Ha sido una experiencia estupenda. Mi mujer y yo propusimos al profe de la clase de mi hijo de 6 años el poder ir a realizar un taller de inteligencia emocional con los niños. Le pareció muy buena idea. Así que la semana pasada allí nos plantamos. Todo un reto, por cierto, pues nunca habíamos trabajado con esos locos bajitos, como dice Serrat, y encima eran dos clases juntas, ¡más de 40!. Estábamos un poco nerviosos. Lo preparamos la tarde antes, aunque ya lo íbamos rumiando desde hacía semanas.
Al final, decidimos trabajar un poquito el reconocimiento de las propias cualidades, la proactividad, la autogestión del enfado y los anclajes a estados positivos. ¿Demasiadas cosas? Tal vez, o tal vez no...
Fue una experiencia increíble, sobre todo por la predisposición de los niños. Cuantas cosas se deberían hacer ahora que son esponjas y aprovechar que están abiertos a la magia de la vida... Porque lo que sucede entre los 1 a los 7 años es determinante en sus existencias...
Aparecimos vestidos de hada y de afro a lo Jackson Five (véase la foto) y les empezamos a mover. Primero les hicimos sentarse en sitios diferentes y presentarse a dos compañeros diciendo " hola, buenos días, soy Manuel y una cualidad o cosa que se le diera bien". Fue gracioso, y lo mejor: no tienen problemas en absoluto para declarar qué hacen bien, y además hacerlo en público (después, tristemente, ya los adultos hacemos lo necesario para que pierdan la capacidad de ponerse en valor).

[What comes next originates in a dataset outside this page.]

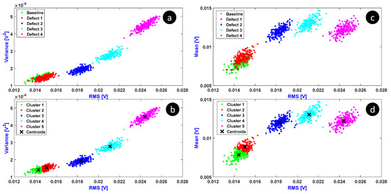 Clustering of collected data using two feature vectors: original clusters for (RMS, variance) (a), k-means clusters for (RMS, variance) (b), original clusters for (RMS, mean) (c), and k-means clusters for (RMS, mean) (d).

Después les leímos un cuento para trabajar la responsabilidad y el hecho de que somos dueños de lo que nos sucede: Trataba de una ardilla que siempre decía que se aburría por culpa de sus amigos, o bien porque no tenia suficientes juguetes... Me parece que luego, a través de las preguntas que les hicimos (lo más interesante, por cierto), algunos fueron pillándolo...
También les preguntamos qué les enfadaba más, ante lo cual muchos coincidieron en que esto sucedía cuando les regañaban. Para gestionar mejor el enfado, les propusimos una técnica de respiración para que se les pasara antes (cojer 3 respiraciones, aguantar 6, y expulsar en 6). Todo esto adornado con la correspondiente historia donde la palabra "magia" siempre estaba presente.
Después les hicimos una relajación tumbados, para que vieran estrellas y estuvieran en calma, y por último, algo que tuvo mucho éxito: la canica mágica.
Les llevamos una canica a cada uno, con unas propiedades especiales: la canica tenía el poder de hacerles que volvieran a estar con ánimo y con sonrisas. Para ello creamos un ritual: cerraron los ojos, extendieron la mano con la canica en la palma y recordaron un momento donde se lo hubieran pasado muy bien. En ese instante, mandaban energía de risas a la canica cerrando el puño sobre ella. Y oye, lo hicieron como profesionales.
Les gustó la experiencia y a nosotros también. Las niñas al final corrieron para interesarse por las alas del hada, por la falda y la diadema de princesa... Y al día siguiente, algunos de los participantes nos comentaron desolados que habían perdido su canica mágica.... ante lo cual se las repusimos con presteza, no sin antes insistir que para volver a dotarlas de sus propiedades mágicas era indispensable el ritual.
Tengo claro más que nunca que la clave de un adulto sano y en su centro se halla en estas edades, y no tenemos excusa como padres y formadores para educarles en las cosas muy importantes de la vida: el autoconocimiento, la autogestión y la apertura a otros. ¡Ahora es el momento!
Te invito a que te involucres y promuevas este tipo de actividades en los colegios. ¿te apuntas al reto?